Description of the task: With pictures left out, copy exactly every line from the one containing "町には、かつてニシン漁による" through the end of the material.

BEGIN Source material

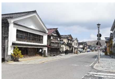
ニシン漁繁栄時の町並みを再現した「いにしえ街道」

町には、かつてニシン漁による繁栄で築かれた歴史・文化が色濃く根付いており、そのストーリーが日本遺産に認定されているほか、「江差追分」は多くの愛好者に唄い継がれています。
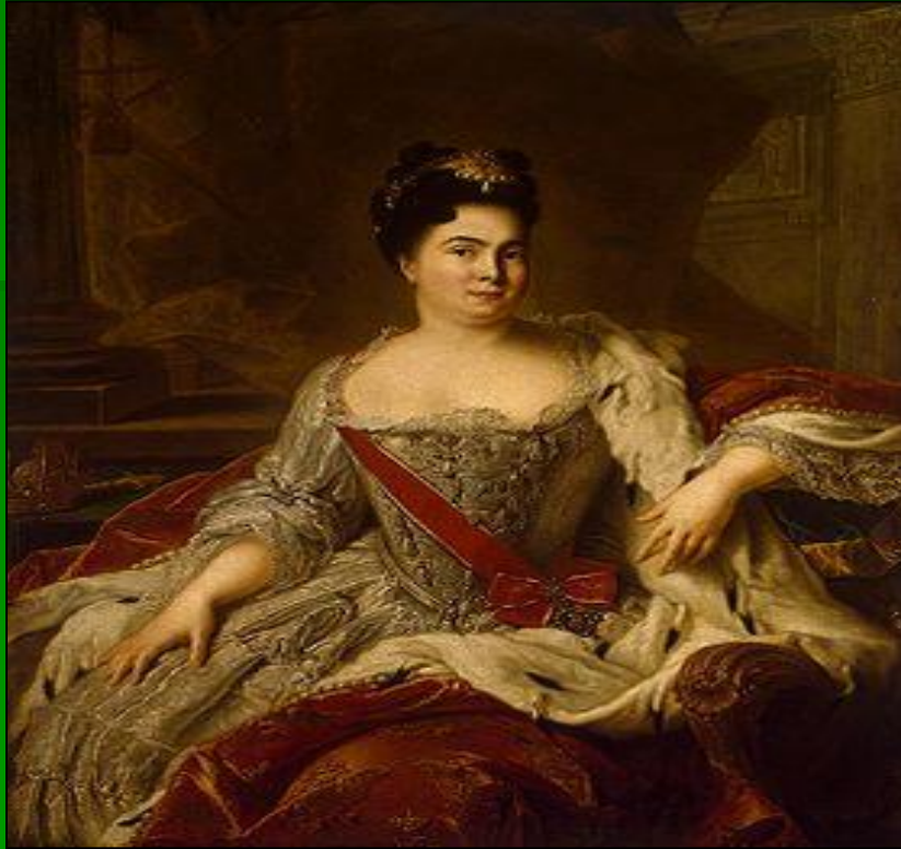
ЕКАТЕРИНА I (Марта Скавронская)

END Source material

Written answer:
町には、かつてニシン漁による繁栄で築かれた歴史・文化が色濃く根付いており、そのストーリーが日本遺産に認定されているほか、「江差追分」は多くの愛好者に唄い継がれています。
ЕКАТЕРИНА I (Марта Скавронская)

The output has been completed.